Motivation and Context

Today, most applications integrate with tools in a straightforward but naive manner, choosing to have agents invoke tools synchronously with the conversation instead of allowing agents to multitask where possible. There are a few reasons why we believe this is the case, including the lack of clarity around tool interfaces (single tool or multiple for job tracking), model failures when manually polling on operations, and not having a way to retrieve results with a well-defined TTL, among other problems (described in more detail in the linked issue). Here, we introduce an alternative API that establishes a clear integration path for async job-style use cases that are typically on the order of minutes to hours.

The ultra high-level overview is as follows:

Tools now support synchronous or asynchronous invocation modes
A single tool only advertises itself as either sync or async to a given client, controlled by protocol version
Sync tools behave just like they always did
Async tools are split into start/poll/retrieve stages:
- Starting a call:
  - tools/call begins an async tool call
  - The result is a CallToolResult containing an operation token, which is used to interact with the async tool call across multiple RPC calls
- Polling:
  - The operation token is used to call tools/async/status, which returns the current operation status
  - The client should poll this method until the status reaches a terminal value
- Result retrieval:
  - The operation token is used to call tools/async/result, which has the final tool output

Whether a tool is sync, async, or both (on old/new protocol versions) is defined by tool implementors. This enables remote server operators to control this based on how long each tool is expected to take to execute, rather than potentially serving HTTP requests with widely varying execution times on the same endpoint. This also makes it much more clear to client applications what the "time contract" of a tool is, so that fast tools can still be executed synchronously while allowing long-running tools to be immediately backgrounded.

Usage

Defining an async-compatible tool is just a matter of adjusting the @mcp.tool() decorator to include an invocation_modes parameter, which is a list of "sync" and "async":

@mcp.tool(invocation_modes=["async", "sync"])
async def data_processing_tool(dataset: str, operations: list[str], ctx: Context) -> dict[str, str]:
    await ctx.info(f"Starting data processing pipeline for {dataset}")

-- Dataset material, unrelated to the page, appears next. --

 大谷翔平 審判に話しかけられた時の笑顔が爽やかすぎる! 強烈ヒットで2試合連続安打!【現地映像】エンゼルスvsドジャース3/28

    results: dict[str, str] = {}
    total_ops = len(operations)

    for i, operation in enumerate(operations):
        await ctx.debug(f"Executing operation: {operation}")
        await asyncio.sleep(0.5 + (i * 0.2))  # Simulate processing time
        progress = (i + 1) / total_ops  # Report progress
        await ctx.report_progress(progress, 1.0, f"Completed {operation}")
        results[operation] = f"Result of {operation} on {dataset}"  # Store result

    await ctx.info("Data processing pipeline complete!")
    return results

If invocation_modes contains "async", the tool is async-compatible and will only be called in async mode by clients on new versions, while if it contains "sync", the tool is sync-compatible and will be called in sync mode if async mode is not supported (a client will never have the option to choose one or the other itself).

Behind the scenes, the SDK handles branching the behavior to either run synchronously (like today) or asynchronously (immediate return with job tracking) depending on if the client version supports async tools yet or not.

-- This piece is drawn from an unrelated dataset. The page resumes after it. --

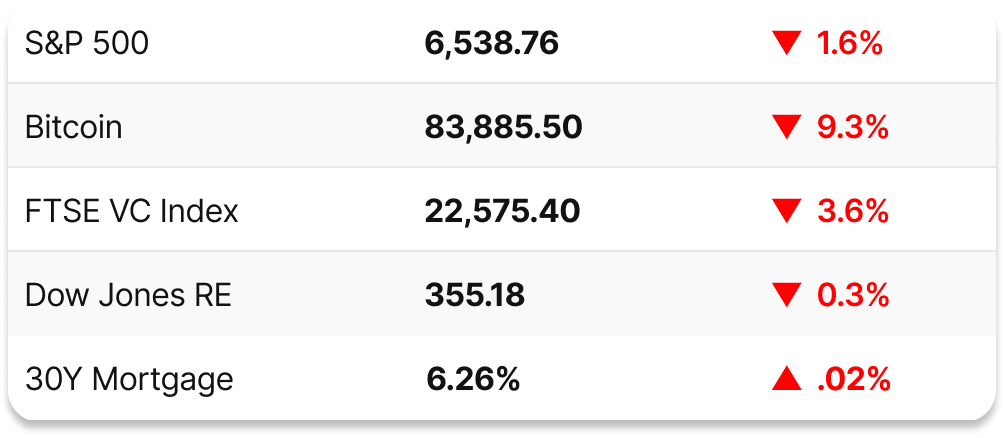 In what has quickly become a recurring story, crypto and stock markets struggled yesterday. The S&P 500 fell 1.6% and the Nasdaq dropped 2.1% even after both surged to start the day. Crypto lost around 9% of its value, falling below $3 trillion for the first time since April, with Bitcoin dropping below $85,000, almost $40,000 below its all-time high from just last month. Many major tokens saw double-digit declines and have fallen significantly in the past week.

To control how long the results are kept for to retrieve with tools/async/result, we can use the keep_alive parameter:

@mcp.tool(invocation_modes=["async", "sync"], keep_alive=30)  # retain result for 30s following completion

We can also customize the content returned in the immediate CallToolResult with the immediate_result parameter:

async def immediate_feedback(operation: str) -> list[types.ContentBlock]:
    return [types.TextContent(type="text", text=f"Starting {operation}... This may take a moment.")]

@mcp.tool(invocation_modes=["async", "sync"], immediate_result=immediate_feedback)

On the client side, we just add the polling and result retrieval like so:

async def demonstrate_data_processing(session: ClientSession):
    """Demonstrate data processing pipeline."""
    print("\n=== Data Processing Pipeline Demo ===")

    # Just like before
    operations = ["validate", "clean", "transform", "analyze", "export"]
    result = await session.call_tool(
        "data_processing_tool", arguments={"dataset": "customer_data.csv", "operations": operations}
    )

    # We could choose to sent the immediate result content to an agent from here before continuing

    # New parts
    if result.operation:
        token = result.operation.token
        print(f"Data processing started with token: {token}")

        # Poll for completion
        while True:
            status = await session.get_operation_status(token)
            print(f"Status: {status.status}")

            if status.status == "completed":
                final_result = await session.get_operation_result(token)

                # Show structured result if available
                if final_result.result.structuredContent:
                    print("Processing results:")
                    for op, result_text in final_result.result.structuredContent.items():
                        print(f"  {op}: {result_text}")
                break
            elif status.status == "failed":
                print(f"Processing failed: {status.error}")
                break
            elif status.status in ("canceled", "unknown"):
                print(f"Processing ended with status: {status.status}")
                break

            await asyncio.sleep(0.8)

How Has This Been Tested?

Unit tests, integration tests, and new example snippets.

Breaking Changes

Existing users will not need to update their applications to continue using synchronous tool calls. Asynchronous tool calls will require minor code changes that will be documented.

Types of changes

Bug fix (non-breaking change which fixes an issue)
New feature (non-breaking change which adds functionality)
Breaking change (fix or feature that would cause existing functionality to change)
Documentation update

Checklist

I have read the MCP Documentation
My code follows the repository's style guidelines
New and existing tests pass locally
I have added appropriate error handling
I have added or updated documentation as needed

Additional context

There were a bunch of decisions in the implementation we may want to discuss further, some of which were due to ambiguity in the proposal (which will be revised again) and some of which were due to working things into the SDK implementation.

I added a faux-version called next to deal with the requirement that sessions on the current-latest version always advertise as sync-only. The tests and examples explicitly set the advertised client protocol version to next when calling async-only tools.
Reusing the existing tool/call method creates some ambiguities in how outputSchema should be handled, as the immediate tool call result (communicating an accepted state) would no longer have meaningful structuredContent. The output that should be validated is actually the result of GetOperationPayloadResult, so for now I'm skipping validation of the immediate CallToolResult (only in async execution) and only validating GetOperationPayloadResult (sync tool executions are always validated, just like before).
keepAlive should have a sentinel value representing "no expiration," and I'm leaning towards None. However, in SDK implementations, that becomes somewhat ambiguous with sync tool calls, which also implicitly have a keepAlive of None already. For now, I default it to 1 hour if not specified/None, but this should probably be changed before this is merged.
In sHTTP, the SDK has behavior to send tool-related server messages on the same SSE stream that the server used as a response to the client's CallToolRequest, by attaching a related_request_id to the stream for fast lookups and session resumption. To support sampling and elicitation, we keep a map of operation tokens to their original request IDs to reuse the same event store entry between related calls.
The client session needs to cache a mapping of in-flight operation tokens to tool names for validating structuredContent in async tool calls, as it otherwise has no way to look up the cached outputSchema. We could consider including a toolName in GetOperationPayloadResult to avoid the inconvenience, but in this draft I'm using a cache expiry based on keepAlive to avoid holding that mapping forever.